Does awk use separate chaining, open addressing or does it have its own way of handling collisions in a hashmap?
Do gawk and nawk implement the same algorithm?
Thank you.
Does awk use separate chaining, open addressing or does it have its own way of handling collisions in a hashmap?
Do gawk and nawk implement the same algorithm?
Thank you.
Check https://www.gnu.org/software/gawk/manual/gawk.html#Other-Environment-Variables
This specifies two environment variables which "influence how gawk behaves". There is a warning that these are meant for use by the gawk developers for testing and tuning, and are subject to change.
INT_CHAIN_MAX
This specifies intended maximum number of items gawk will maintain on a hash chain for managing arrays indexed by integers.
STR_CHAIN_MAX
This specifies intended maximum number of items gawk will maintain on a hash chain for managing arrays indexed by strings.
So it would appear that gawk manages key hash collisions by chaining the affected full keys from the single hash.
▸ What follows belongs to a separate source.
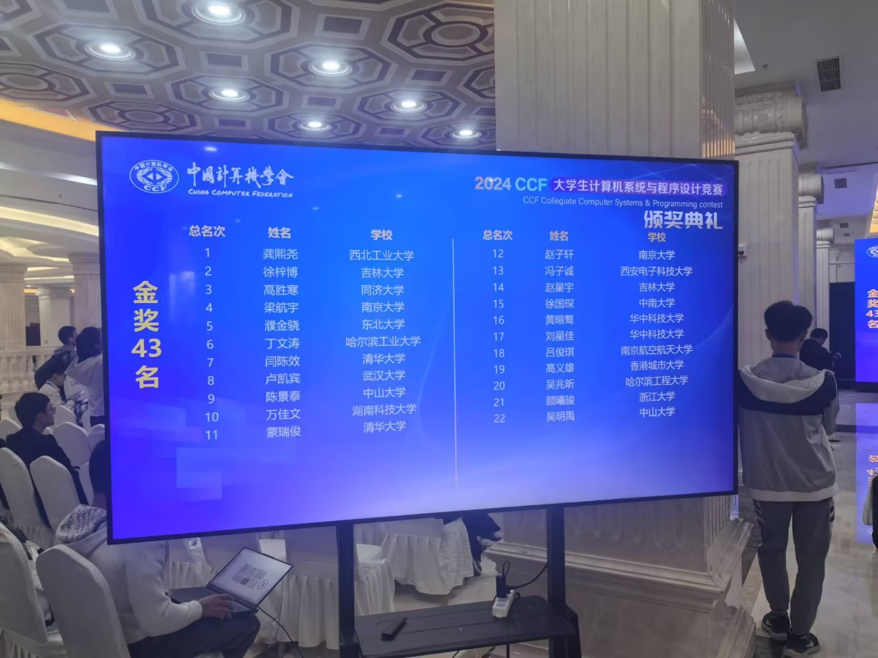 2024老员工计算机系统与程序设计竞赛(CCSP)于10月23日至24日在浙江师范大学举行。本次比赛全国有70余所高校的430名优秀选手参赛,经过约12个小时马拉松式的比赛,共产生金奖43名、银奖85名、铜奖127名。计算机公司谷方明老师作为教练率领6名优秀本科生代表EMC易倍官网参赛,共获得金奖3名、银奖2名、铜奖1名。其中,徐梓博同学名列第2,获全场亚军和金牌;赵星宇同学列第14名,获得金牌,武锦旗同学列第28名,获得金牌;陈鹏旭、周宇恒和孔泉智获得2银1铜。公司在所有参赛公司中脱颖而出,团体成绩排名位列清华大学之后,勇获全国第2名和东北第1名的历史最佳成绩,充分展示了EMC易倍官网本科公司产品成果和EMC易倍官网本科生的风采。

It is not clear what gawk does when this "maximum" is reached, as it cannot easily resolve that single chain. From other material (which I cannot now find) I suspect these maxima are the average chain length for the array as a whole: so when the average is exceeded, it can allocate a larger initial hash which will redistribute the former collisions, and then rebuild all the chains.
It is also known that "all array indexes are strings". But also, that iterating over an array indexed by small integers does iterate in numeric order (up to some limit of the order of thousands). Gawk is probably more heuristic than would be expected. It could keep each array as a direct index lookup for small ints, plus a hash for other strings, for example.